A user can be a staffmember, teacher, student and/or parent
You could store this in a user profile. Inheriting from User will work, too, but instead of using User.get_profile(), you'll need to manually map from User to ExtendedUser.
If the user has a role assigned, he will gain permissions (eg. staffmembers may sign in to the Django admin)
In that specific case, you can't use automatic role-based assignment. Whether or not a person can access the admin is determined by the is_staff field in their User record.
The most automatic way I can think of is to create an "Update Permissions" admin command, which will update admin fields like is_staff and the permissions based on the role set in the user's profile. BTW, even though this is not fully "automatic", it is a denormalization that can improve performance.
Some roles might have some extra fields (eg. parent has a relation with at least one student and each student has a field with it's classgroup
Not every role has extra fields
A parent can be a teacher or staffmember and vise versa
A student can not have another role
Read up on form validation. That's where you can enforce these rules.
In your model, I'd recommend that you alter the related names of your one-to-one fields:
class StaffMember(models.Model):
user = models.OneToOneField(ExtendedUser, related_name="as_staff_member")
class Student(models.Model):
user = models.OneToOneField(ExtendedUser, related_name="as_student")
class Teacher(models.Model):
user = models.OneToOneField(ExtendedUser, related_name="as_teacher")
class Parent(models.Model):
user = models.OneToOneField(ExtendedUser, related_name="as_parent")
Since theUser.as_teacher is a lot clearer than theUser.teacher (which I would read as "the user's teacher").
This works in Django (and in a lot of other MVC-based frameworks). But I can't find a proper way to display the above in the admin.
You're going to have one table in the admin per role. There's no fancy "bottom half of the edit page will redraw itself when you change roles" feature. If you want that, you will need to write your own admin.
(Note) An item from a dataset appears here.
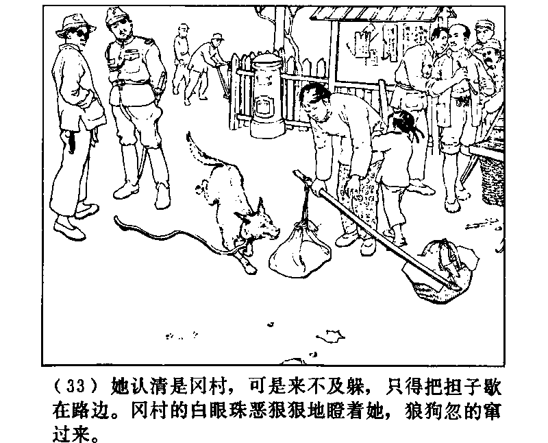 芳林嫂はそれが岡村だとわかったが、避けるには遅すぎ、しかたなく荷物をおろして道端でやすんだ。岡村の蔑むような目が芳林嫂をすごい目付きでにらむ。シェパードがいきなりやってきた。

Django's admin is great, but it's not trying to be everything to everyone. I have a role-based setup like yours (except the roles themselves are stored in a table), and the admin works fine if a little clunky. The general idea is that if the admin isn't good enough, then you should be writing your own views.
I also thought about using the built-in groups but in that case I have no idea how I should add the different fields.
The built-in groups are not what you're looking for.
Another thing I thought of was trying to 'Add a student' instead of adding a User and assigning a role to him. [...] At first it is not possible to be a staffmember and a teacher.
"Subclassing" is a more restrictive one-to-one. I think your initial model is better.
Second it is not really working in the rest of Django for the request object return a User object for which it is impossible to request the Student, Parent, Staffmember object. The only way to get one of these is to instantiate a new Student object bases on the User object.
No, you instead find the Student object using the auto-generated id from the User object:
try:
theStudent = Student.objects.get(user_ptr_id=theUser.id)
except Student.DoesNotExist:
# That user isn't a student; deal with it here.
If you're going to use the admin, I think you're going to have to live with a two-step process of adding an ExtendedUser, then adding Student or whatever entries for them.
So it comes down to a tradeoff: a little extra work using the built-in admin, or writing your own user management views. WHich route is best really depends on how much this interface will be used: If it's just you, then the admin should be fine, even with its warts. If a lot of people will be using it on a routine basis, then you should just write your own views to handle things.